Over the next few weeks, due to coronavirus restrictions, many churches will be doing online services and you will be worshiping at home.
The current situation is a good reminder that the Church is the people, not the building. The buildings might close, but the Body of Christ goes on.
I pray that doing online services during these difficult times will keep people connected to Scripture and to each other, if only in a virtual way (Bob used the Zoom app for a meeting with Victor Street Bible Chapel). Going online may even reach completely new people or people who would otherwise be on the fringes of your congregation. God can use online services!
However, doing online services will also emphasize the unhealthy reality that many churches have become “performance” or “entertainment” oriented, with a strong laity/clergy distinction, even in traditions that formally reject sacerdotalism. Instead of worshiping God as a body, in which every member contributes, doing online services will only highlight how many churches today function as worshiptainment for passive people. Watching church on screen—as you would a movie or TV show—just makes it more official. “You just sit there and watch.” Maybe that will be a wake-up call that people need to be actively exercising their gifts within the church so that both can grow and be spiritually healthy.

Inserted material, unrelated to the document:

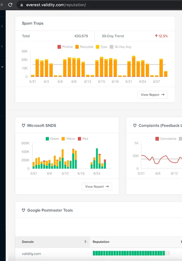 Monitoring email deliverability is of utmost importance to our business. Being able to see when things take a turn for the worse and being able to react quickly helps us keep our email reputation positive and keeps our emails in user's inboxes!
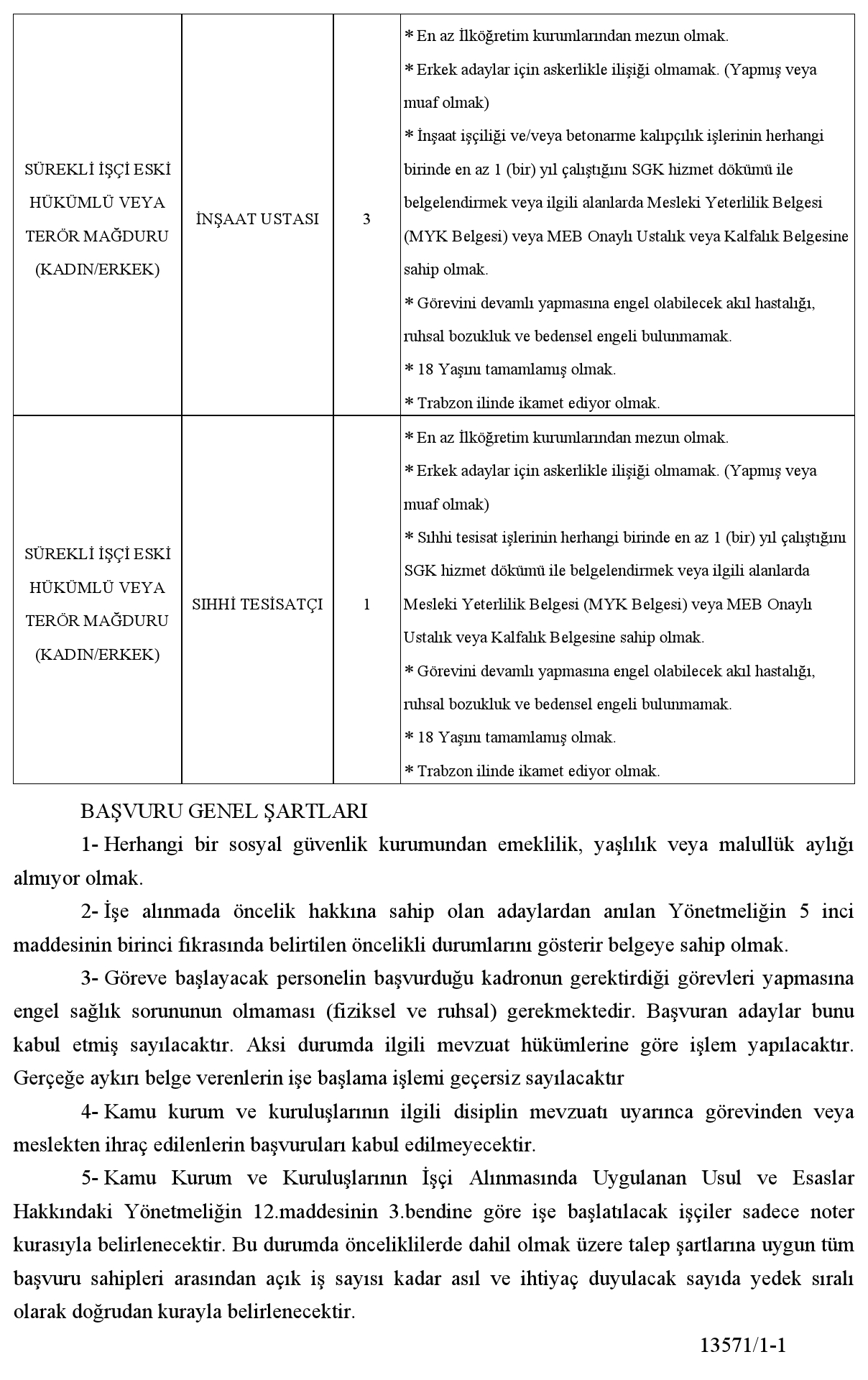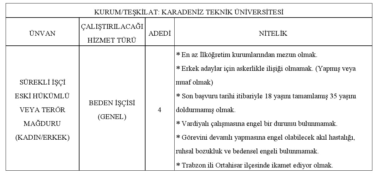 1- 4857 sayılı İş Kanunu'nun 30'uncu maddesi ve ilgili hükümleri ile mezkür kanuna dayanılarak çıkarılan kamu kurum ve kuruluşlarına Eski Hükümlü veya Terörle Mücadelede Malul Sayılmayacak Şekilde Yararlananların işçi Olarak Alınmasında Uygulanacak Usul ve Esaslar Hakkında Yönetmelik hükümleri uyarınca Karadeniz Teknik Üniversitesi Merkez veya Taşra teşkilatında istihdam edilmek üzere 8 Eski Hükümlü / TMY statüsünde sürekli işçi alımı yapılacaktır.

While it makes sense for churches to do online services during this time, is there an alternative?
I think that, for many families, a better option will be to conduct worship at home. Until now, you might have been very passive in your faith. You have not taken ownership of your Christian life. And you might not have been teaching your kids Christian truth—leaving that job to others. Well, now’s the chance for your family to worship God together. You might start by reading the household passages in the NT (e.g., Ephesians 5-6 and Colossians 3).
This past Sunday, I worshiped at home with my kids. We do that occasionally anyway, but now we have even more reason to.
The “liturgy” was simple. We opened with prayer. As we prayed, we thought about our neighbors, what different people are going through, and how we all need God. Every kid had a different person on his or her heart and prayed for that neighbor. Then we read Scripture together, and I was pleasantly surprised that Daphne has made so much progress in her reading ability. Next, I taught a simple lesson on Eve’s fall into sin, and how the sin process works. As we discussed it, Zane and Daphne got into a debate over the historicity of Genesis 3, and I was amazed that a five and a seven-year-old had those kinds of questions. In fact, they raised many of the same questions, problems, and points that I’ve heard adults debate! What questions do your kids have, if they only had the chance to ask them? Then we closed with prayer.
Yes, the kids fidgeted. Yes, they moved around and I had to call their attention back to our worship. But we did it. Together.
Conducting family worship is simple. No one but God is watching, so don’t be embarrassed. Try it. You’ll be blessed.
For the most part, my kids do not understand what is happening and have not felt the social effects of the virus. The most disruptive thing they have experienced has been an extended spring break—and they’re not upset by that!
However, if they remember these days at all, I hope it will be as a time when we came together as a family to worship God and to depend on His mercies together.